Filter segments based on string or word sequence similarity based on Levenshtein distance.

Parameters:

threshold: filter segments if the similarity is equal or above the threshold (optional, default 0.9)
weights: a list of three integers corresponding to the costs of three edit operations: insertion, deletion, substitution (optional; default [1, 1, 1])
unit: type of unit for calculating the distance (optional; word for words or any whitespace-separated units, and character or char for characters; the default is char)
lowercase: lowercase strings as preprocessing (default false)
require_all: if True, all similarities (for pairs of n segments) have to be below the threshold; otherwise at least one the similarities have to be below the threshold

The returned scores are normalized similarities (1 - edit distance / max edit distance) between the compared sequences for all language pairs. For n-lingual input, the scores will include C(n, 2) values.

RepetitionFilter

Filter segments with repeated content. Useful e.g. for filtering data generated by a low-quality NMT model.

Parameters:

threshold: number of repetitions required to activate the filter (optional, default 2)
min_length: minimum number of characters in the repeated sequence (optional, default 3)
max_length: maximum number of characters in the repeated sequence (optional, default 100)

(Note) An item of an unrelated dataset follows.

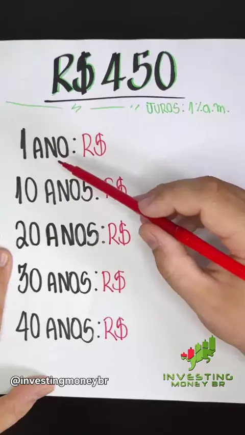 Você já se perguntou o que aconteceria se investisse um valor fixo todo mês, religiosamente, e deixasse os juros trabalharem por você? Neste short, fazemos uma simulação PODEROSA e REALISTA para te mostrar como a paciência e a disciplina são os maiores aliados de um investidor. Vamos simular o que acontece se você investir R$ 450,00 por mês (um valor que muita gente consegue guardar) a uma taxa de 1% ao mês. #investimentos #juroscompostos #educacaofinanceira #dinheiro #riqueza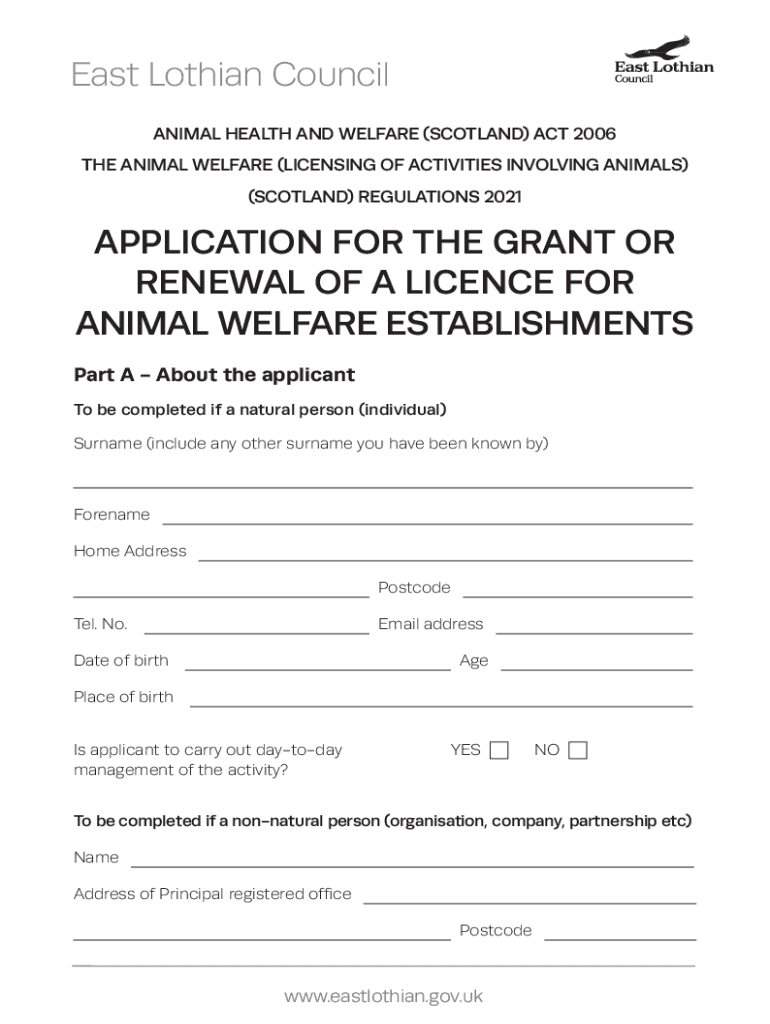 Get the free application for the grant or renewal of a licence for animal ...

The returned scores are the numbers of repetitions if at least threshold repetitions were found (first occurrence of the string is not counted), or zero if no repetitions were found, or all were below the threshold. The returned number of repetitions is for the first match, and it is possible that the segment contains longer repetitions.

There may be optional space character(s) between the repeated strings that are not counted to the length. The repeated string cannot start with a whitespace character but is not limited otherwise.

RegExpFilter

Filter out segments that match (or do not match) a arbitrary regular expression.

Parameters:

regexps: a regular expression or a list of expressions to match
accept_match: accept matching segments instead of rejecting (default false)

You can either provide a single regexp or one for each language in the parallel data. If accept_match is false, the pair is accepted only if none of the segment match the corresponding regular experssion. If accept_match is true, the pair is accepted only if all segments match the corresponding regular expression.

The regex module is used for the regular expressions.